*** Data for analysis Section Begins ***
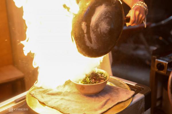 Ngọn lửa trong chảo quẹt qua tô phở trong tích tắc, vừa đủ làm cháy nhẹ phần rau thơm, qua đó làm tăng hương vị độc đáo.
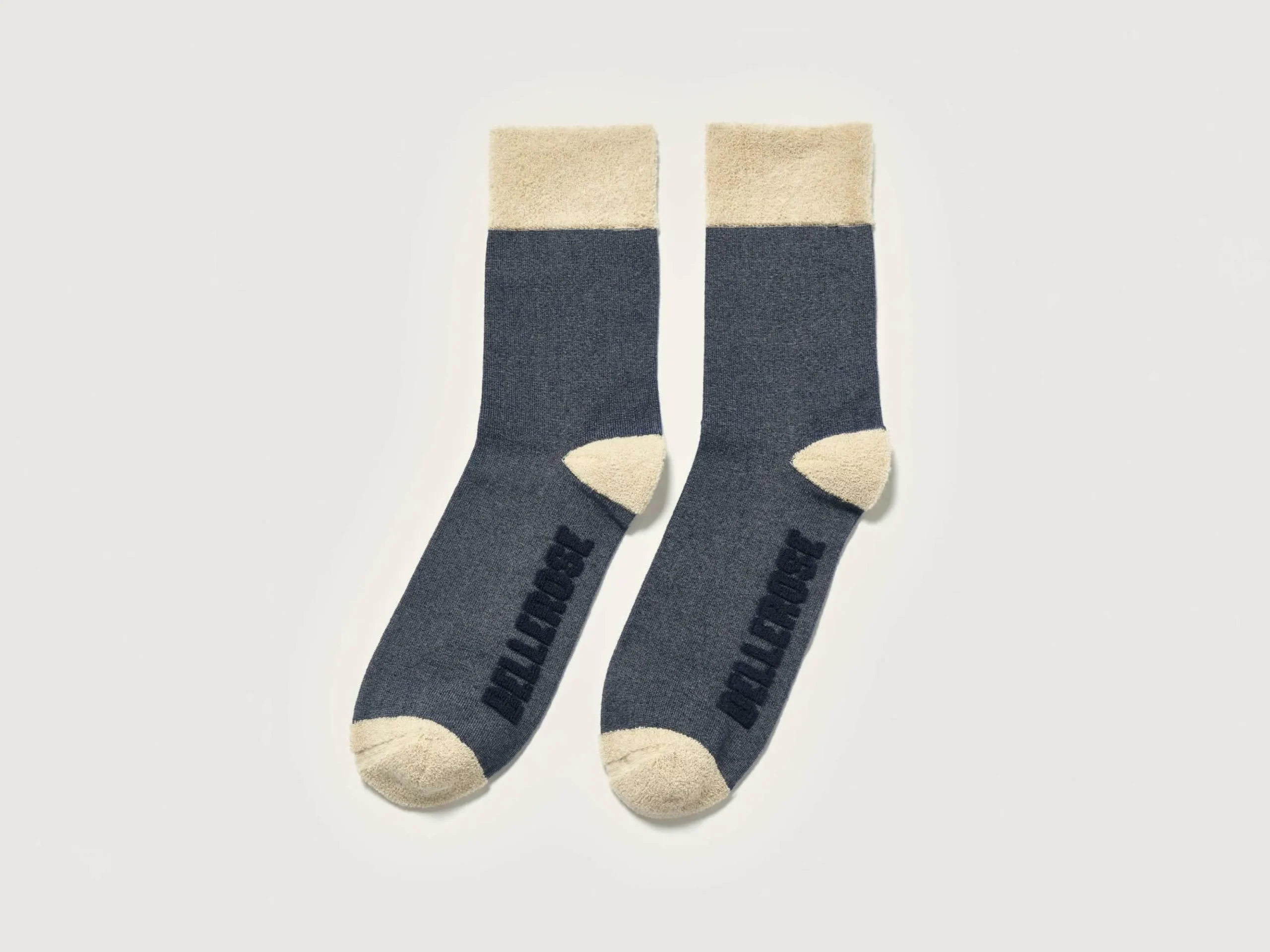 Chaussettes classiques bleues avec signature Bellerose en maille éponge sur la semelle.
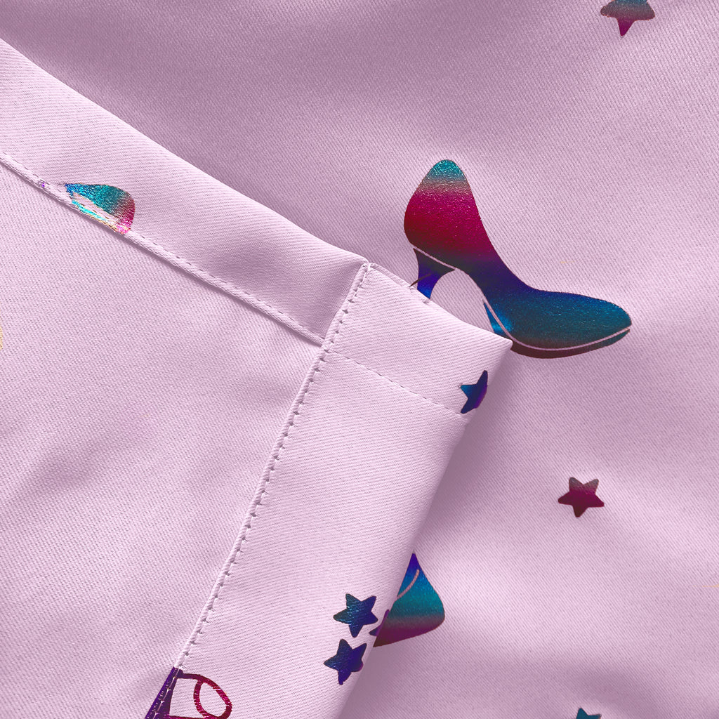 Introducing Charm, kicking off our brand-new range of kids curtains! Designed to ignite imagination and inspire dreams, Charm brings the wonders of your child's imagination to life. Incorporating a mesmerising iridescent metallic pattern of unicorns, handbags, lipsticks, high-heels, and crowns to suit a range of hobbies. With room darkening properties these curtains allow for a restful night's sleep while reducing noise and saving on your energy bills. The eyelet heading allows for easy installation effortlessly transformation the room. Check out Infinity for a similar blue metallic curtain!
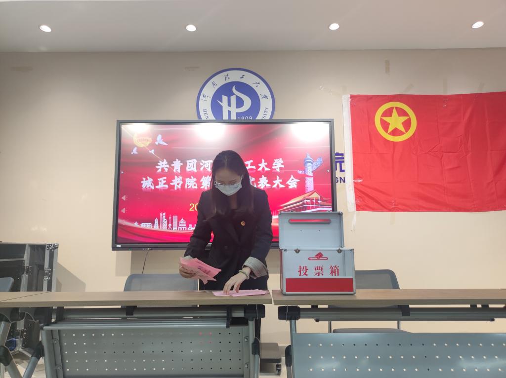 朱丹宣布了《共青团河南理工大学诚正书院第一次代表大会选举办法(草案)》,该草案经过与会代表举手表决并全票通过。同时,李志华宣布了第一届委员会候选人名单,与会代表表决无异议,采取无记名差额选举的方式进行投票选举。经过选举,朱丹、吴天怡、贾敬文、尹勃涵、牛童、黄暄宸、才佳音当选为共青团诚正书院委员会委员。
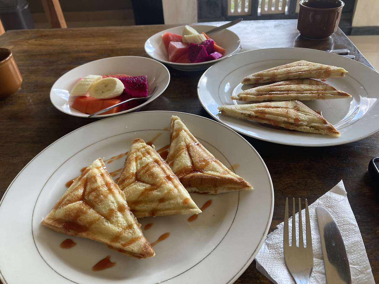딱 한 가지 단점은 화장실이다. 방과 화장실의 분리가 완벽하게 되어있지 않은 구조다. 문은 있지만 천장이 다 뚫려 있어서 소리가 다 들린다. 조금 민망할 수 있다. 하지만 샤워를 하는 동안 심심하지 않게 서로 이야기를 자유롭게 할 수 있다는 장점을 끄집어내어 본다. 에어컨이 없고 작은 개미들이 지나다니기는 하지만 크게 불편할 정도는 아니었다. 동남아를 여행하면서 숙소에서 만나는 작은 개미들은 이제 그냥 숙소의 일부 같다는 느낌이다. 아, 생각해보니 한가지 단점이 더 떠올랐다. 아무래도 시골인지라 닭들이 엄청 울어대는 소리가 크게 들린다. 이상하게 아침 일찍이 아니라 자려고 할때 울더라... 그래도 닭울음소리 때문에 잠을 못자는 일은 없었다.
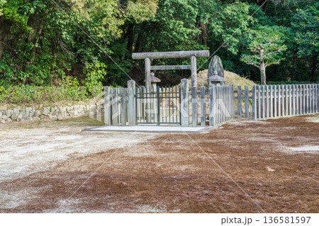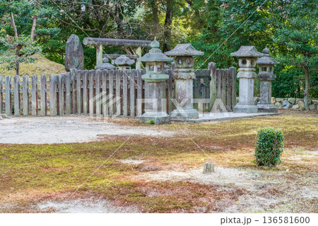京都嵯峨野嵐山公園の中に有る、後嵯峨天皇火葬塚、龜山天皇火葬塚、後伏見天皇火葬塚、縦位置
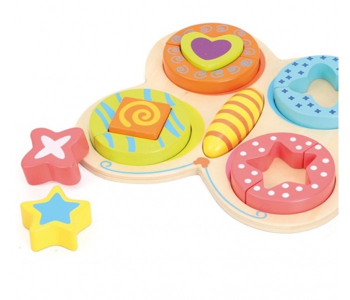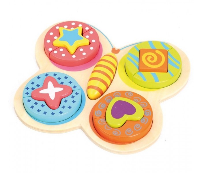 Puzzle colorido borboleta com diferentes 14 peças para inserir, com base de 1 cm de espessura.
*** Data for analysis Section Ends ***
Your assignment
Please return only the lines from the one holding "京都嵯峨野嵐山公園の中に有る" through the end of the data, both ends included; do not copy any pictures.

Response area
京都嵯峨野嵐山公園の中に有る、後嵯峨天皇火葬塚、龜山天皇火葬塚、後伏見天皇火葬塚、縦位置
 Puzzle colorido borboleta com diferentes 14 peças para inserir, com base de 1 cm de espessura.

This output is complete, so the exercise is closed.